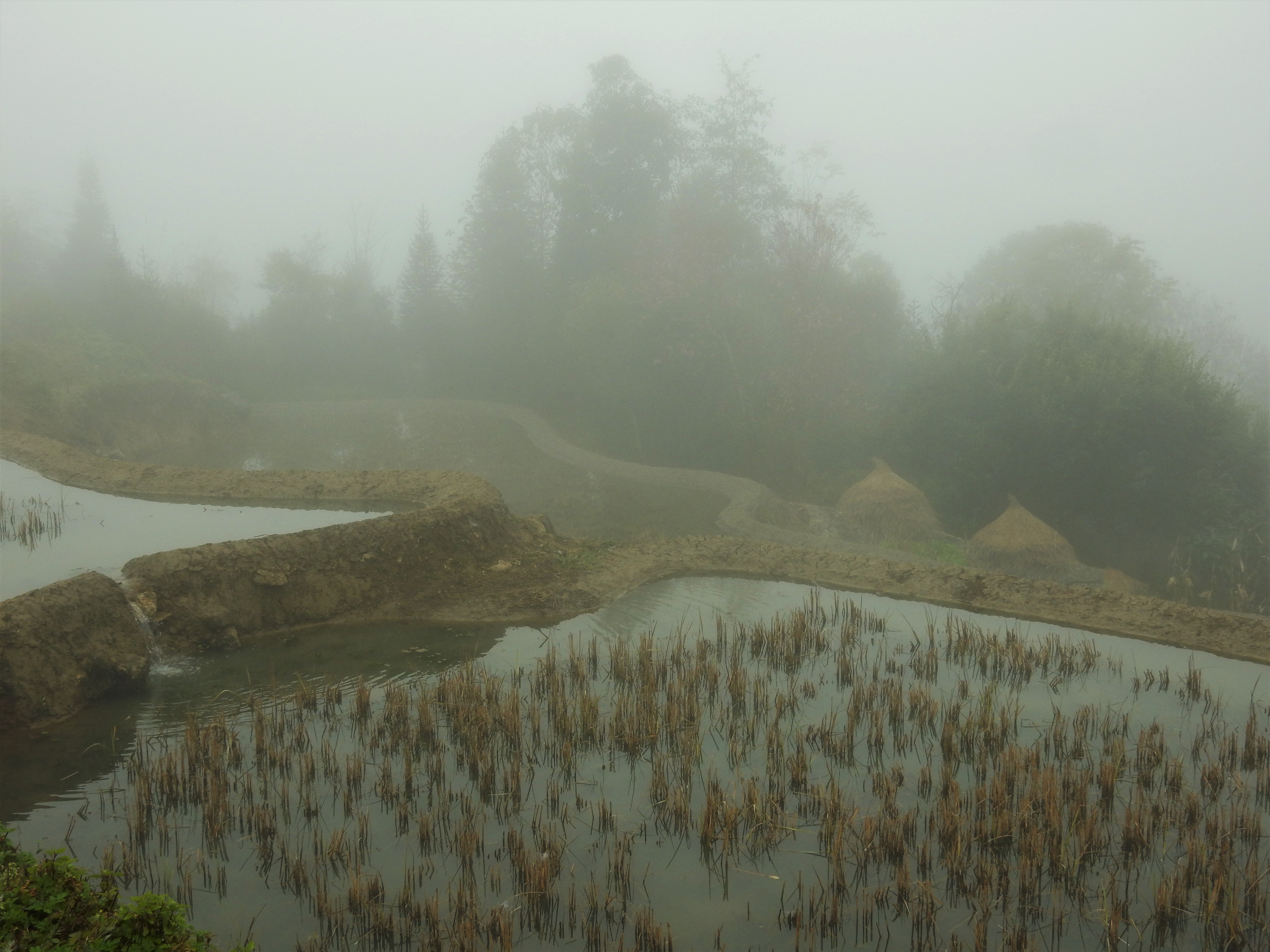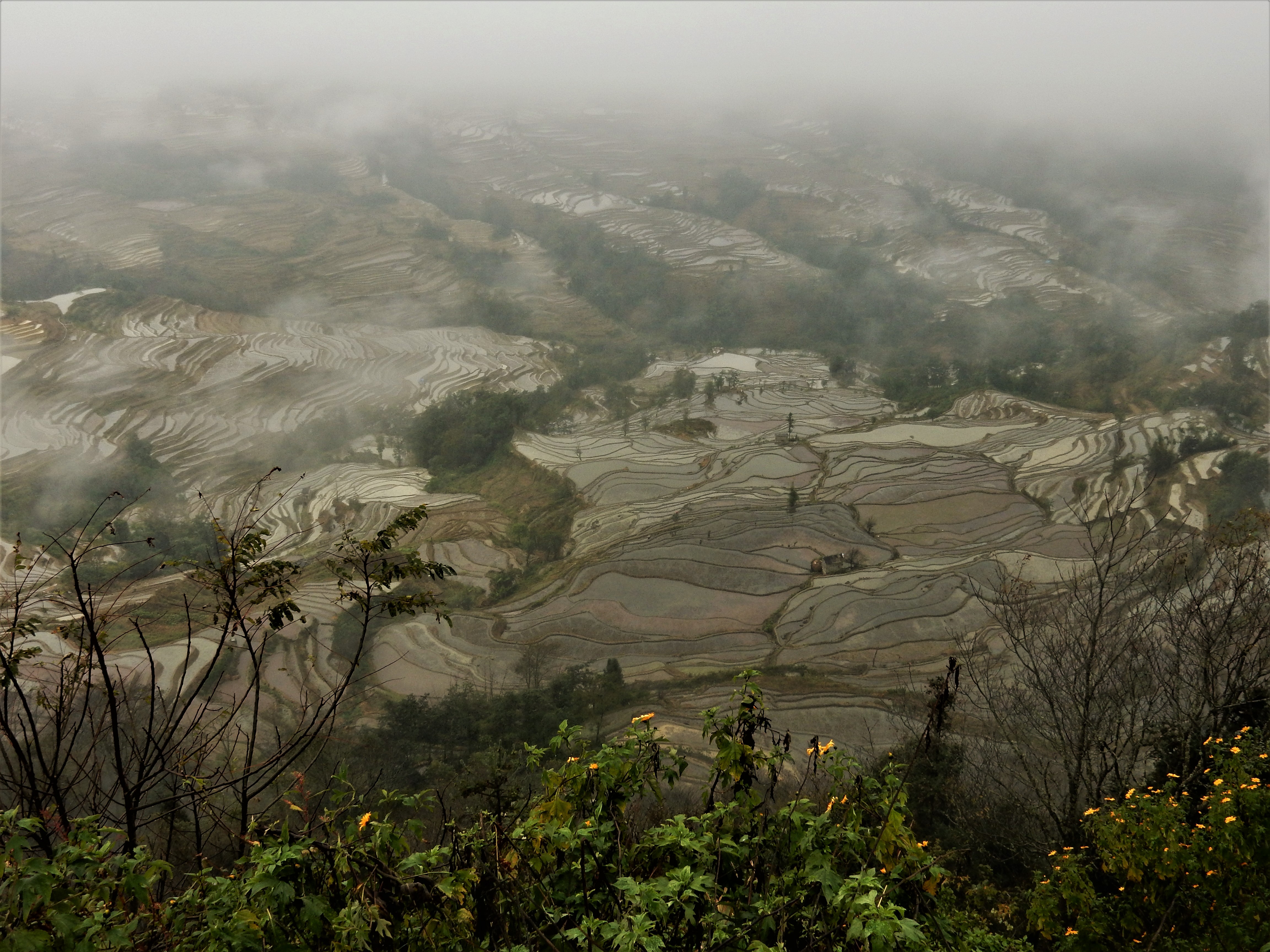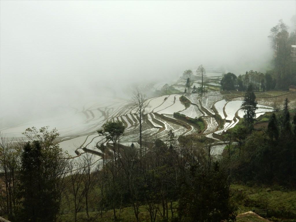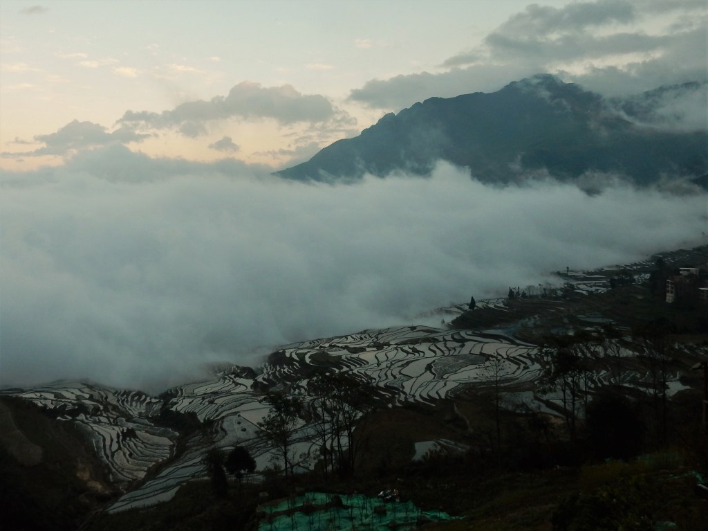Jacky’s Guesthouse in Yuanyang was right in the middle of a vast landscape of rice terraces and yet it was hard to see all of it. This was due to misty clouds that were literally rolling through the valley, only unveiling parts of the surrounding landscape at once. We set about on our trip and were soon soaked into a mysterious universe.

...

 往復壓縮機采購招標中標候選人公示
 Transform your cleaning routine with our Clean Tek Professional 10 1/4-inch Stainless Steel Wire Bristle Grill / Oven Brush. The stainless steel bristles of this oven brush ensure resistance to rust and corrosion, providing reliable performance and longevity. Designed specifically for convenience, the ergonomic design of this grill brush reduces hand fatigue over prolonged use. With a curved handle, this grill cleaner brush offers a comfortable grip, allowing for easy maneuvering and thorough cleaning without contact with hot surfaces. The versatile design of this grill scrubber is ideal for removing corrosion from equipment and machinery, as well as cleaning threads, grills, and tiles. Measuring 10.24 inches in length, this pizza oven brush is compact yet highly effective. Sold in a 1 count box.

**TASK DIRECTIONS**.
From the data above, return every line from the line that has "往復壓縮機采購招標中標候選人公示" up to and including the line that has "Transform your cleaning", exactly.

**ANSWER BELOW**.
 往復壓縮機采購招標中標候選人公示
 Transform your cleaning routine with our Clean Tek Professional 10 1/4-inch Stainless Steel Wire Bristle Grill / Oven Brush. The stainless steel bristles of this oven brush ensure resistance to rust and corrosion, providing reliable performance and longevity. Designed specifically for convenience, the ergonomic design of this grill brush reduces hand fatigue over prolonged use. With a curved handle, this grill cleaner brush offers a comfortable grip, allowing for easy maneuvering and thorough cleaning without contact with hot surfaces. The versatile design of this grill scrubber is ideal for removing corrosion from equipment and machinery, as well as cleaning threads, grills, and tiles. Measuring 10.24 inches in length, this pizza oven brush is compact yet highly effective. Sold in a 1 count box.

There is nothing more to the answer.